Unpaid maintenance owed to parents on Collect & Pay has
increased by more than £1 million a week to a total of £440
million in October 2021, and the NAO recently concluded that
unless DWP writes more off, outstanding arrears will grow to £1
billion by March 2031 and “indefinitely thereafter”. “The scale
of unfulfilled obligations once again looms as a major issue”
that DWP “has no long-term strategy for tackling”.
DWP’s reforms were based on the assumption that most parents can
come to agreement on child maintenance between themselves, but
the PAC says the Department “has done little to ensure this is
the case, or to address concerns that its approach risks causing
a further deterioration in the parents’ relationship or
exacerbating abuse and coercive control”.
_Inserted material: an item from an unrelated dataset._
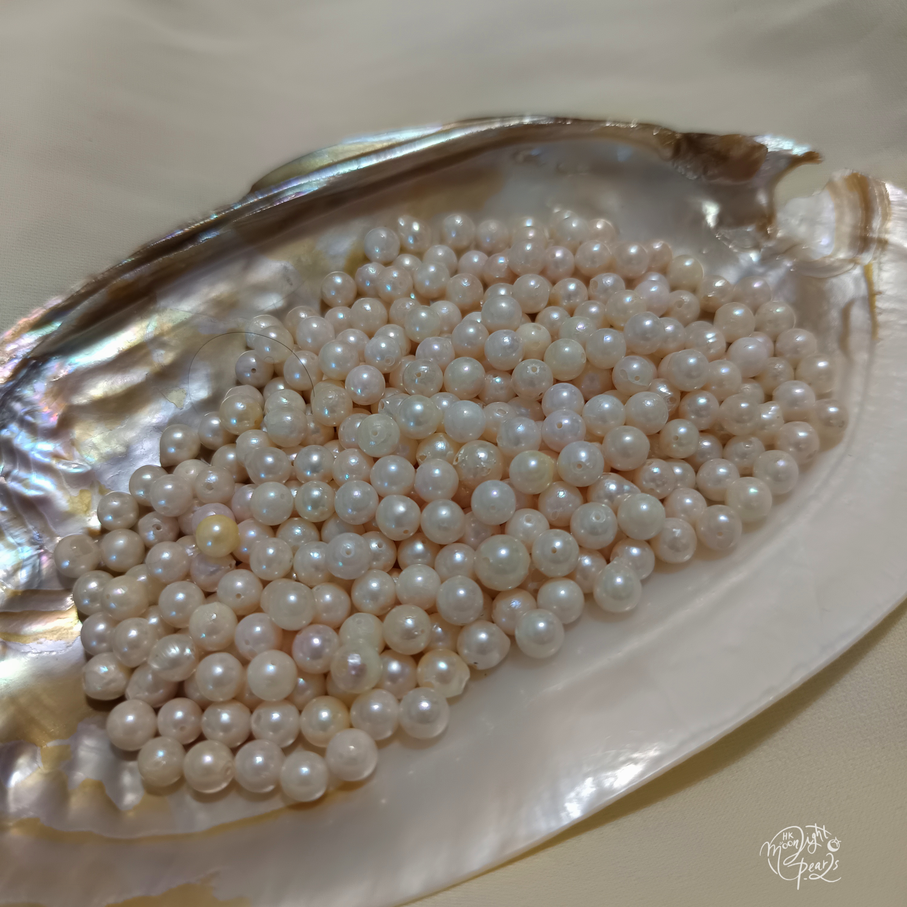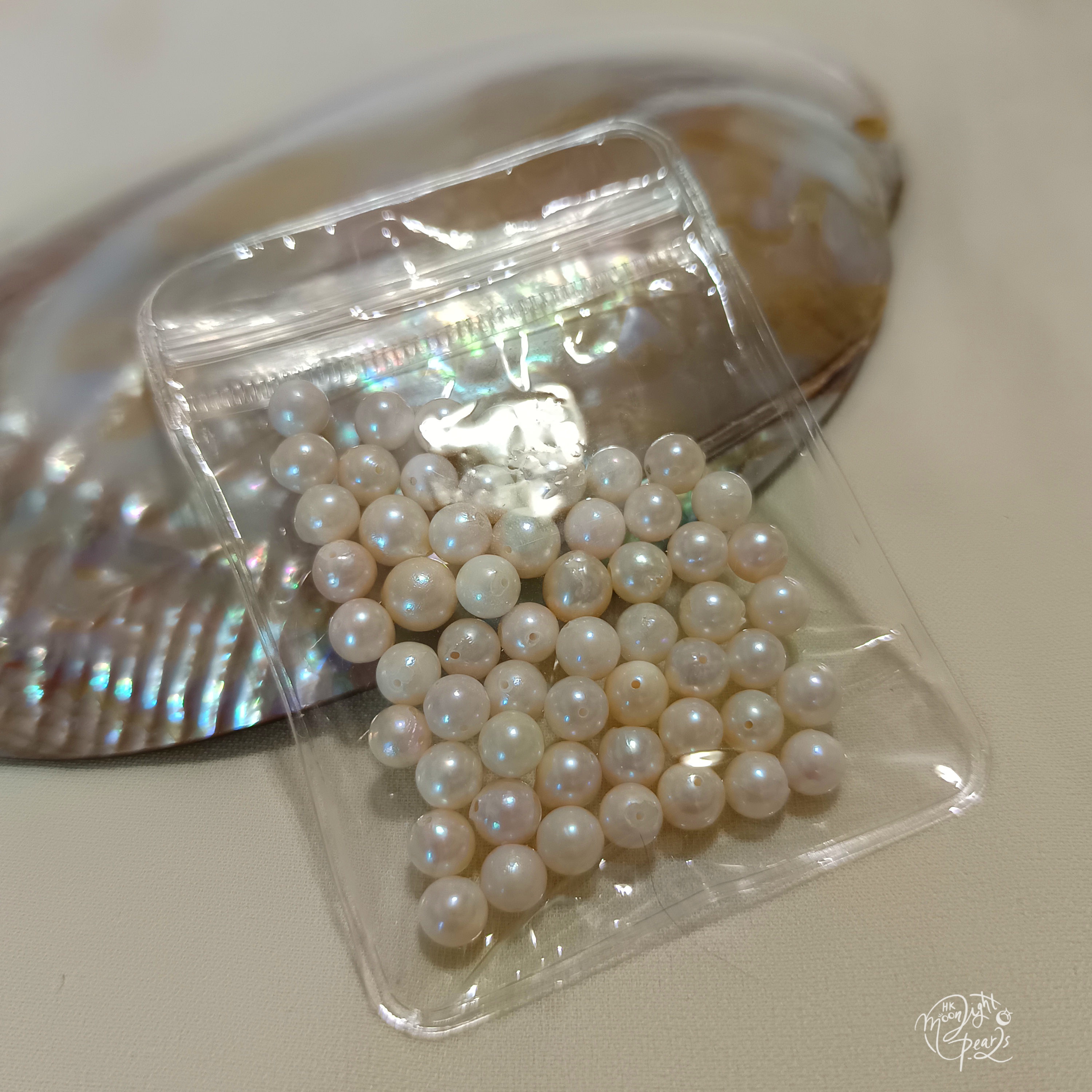 珍珠尺寸5-6mm左右 日本akoya海水珍珠,大部份正圓,少量尖頭珠,偏粉光,珠層薄,部分微瑕疵,一包50粒,再額外送5粒,珍珠已打好通孔,可直接DIY手鍊項鍊等。

- DWP has shifted responsibility for detecting child
maintenance fraud onto its customers, and will only investigate a
parent understating their income if it is reported by a parent
receiving child maintenance - something they “can be
understandably reluctant to do”.
- “Serious constraints on parents’ ability to pay will
inevitably hamper” any new DWP effort to collect maintenance or
enforce the collection of arrears - with some Paying Parents
facing a “poverty trap where there is little incentive for them
to work more”.
- Fewer customers are satisfied with the CMS and “DWP upholds
more complaints for every 1,000 customers on child maintenance
than any other area of its business”.
, Chair of the Public Accounts Committee,
said: “There are still thousands of children not getting
the money they need from non-resident parents. Even if the
promise to improve compliance actually materialises, DWP will
only buy itself a couple of years before child maintenance
arrears reaches £1 billion again. There’s no strategy to bring
that down except adding to the billions of owed child support
that it’s already written off and won’t collect.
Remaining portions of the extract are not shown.